ACTION ITEM: Print nothing except the line holding "[로컬세계 오승용 기자]전남" and the lines that come after it in the material below, and leave the pictures out.

DATASET SECTION:
___

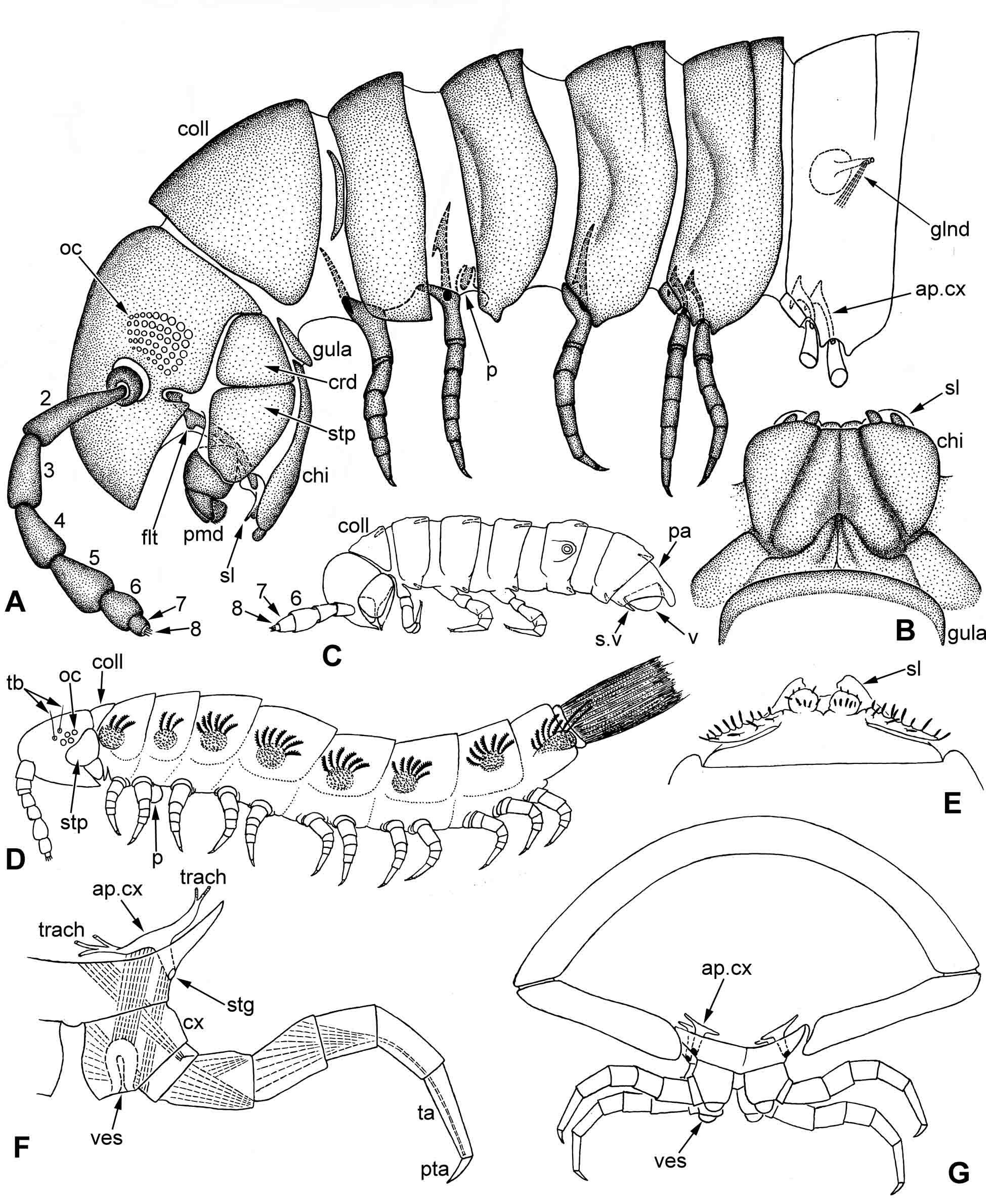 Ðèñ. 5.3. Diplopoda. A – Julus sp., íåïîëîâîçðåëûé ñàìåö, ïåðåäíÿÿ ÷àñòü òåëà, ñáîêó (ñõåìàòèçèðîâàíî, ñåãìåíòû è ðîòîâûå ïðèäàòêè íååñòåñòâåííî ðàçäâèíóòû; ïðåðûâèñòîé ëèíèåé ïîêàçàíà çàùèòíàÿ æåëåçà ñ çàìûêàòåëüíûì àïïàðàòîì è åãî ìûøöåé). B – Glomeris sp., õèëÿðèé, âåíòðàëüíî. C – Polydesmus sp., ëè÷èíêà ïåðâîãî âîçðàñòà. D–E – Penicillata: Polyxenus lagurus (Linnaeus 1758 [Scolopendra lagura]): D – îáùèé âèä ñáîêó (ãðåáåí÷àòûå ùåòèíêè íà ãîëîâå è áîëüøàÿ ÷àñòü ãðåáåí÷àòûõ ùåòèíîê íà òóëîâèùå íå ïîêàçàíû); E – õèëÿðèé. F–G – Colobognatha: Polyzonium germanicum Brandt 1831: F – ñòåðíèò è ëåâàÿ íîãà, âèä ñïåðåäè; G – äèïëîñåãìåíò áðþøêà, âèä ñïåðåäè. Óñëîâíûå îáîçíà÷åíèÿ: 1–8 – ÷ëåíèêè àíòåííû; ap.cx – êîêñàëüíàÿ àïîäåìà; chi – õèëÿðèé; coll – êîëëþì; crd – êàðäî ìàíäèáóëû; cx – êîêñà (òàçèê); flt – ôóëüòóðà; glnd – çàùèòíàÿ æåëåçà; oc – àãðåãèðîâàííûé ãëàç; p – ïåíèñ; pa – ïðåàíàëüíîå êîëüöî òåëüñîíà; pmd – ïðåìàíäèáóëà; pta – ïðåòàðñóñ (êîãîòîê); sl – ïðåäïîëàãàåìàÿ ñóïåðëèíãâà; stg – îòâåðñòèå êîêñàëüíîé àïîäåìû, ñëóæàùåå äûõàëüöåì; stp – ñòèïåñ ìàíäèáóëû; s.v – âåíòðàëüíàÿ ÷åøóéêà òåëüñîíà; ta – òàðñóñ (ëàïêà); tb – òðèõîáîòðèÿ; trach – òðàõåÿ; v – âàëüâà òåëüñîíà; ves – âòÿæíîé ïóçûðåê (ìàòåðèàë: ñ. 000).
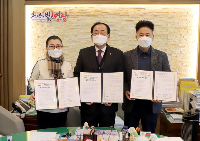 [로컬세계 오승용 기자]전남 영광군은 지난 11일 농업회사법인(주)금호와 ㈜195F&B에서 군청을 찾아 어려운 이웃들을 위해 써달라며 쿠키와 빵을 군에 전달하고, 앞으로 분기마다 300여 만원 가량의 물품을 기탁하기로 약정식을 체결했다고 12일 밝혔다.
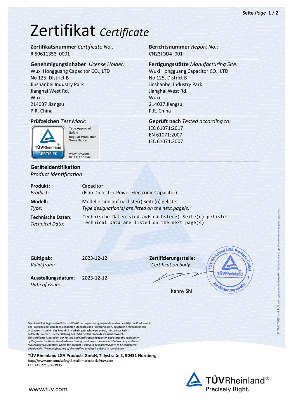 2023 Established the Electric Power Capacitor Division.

___

ANSWER TO THIS PROBLEM:
 [로컬세계 오승용 기자]전남 영광군은 지난 11일 농업회사법인(주)금호와 ㈜195F&B에서 군청을 찾아 어려운 이웃들을 위해 써달라며 쿠키와 빵을 군에 전달하고, 앞으로 분기마다 300여 만원 가량의 물품을 기탁하기로 약정식을 체결했다고 12일 밝혔다.
 2023 Established the Electric Power Capacitor Division.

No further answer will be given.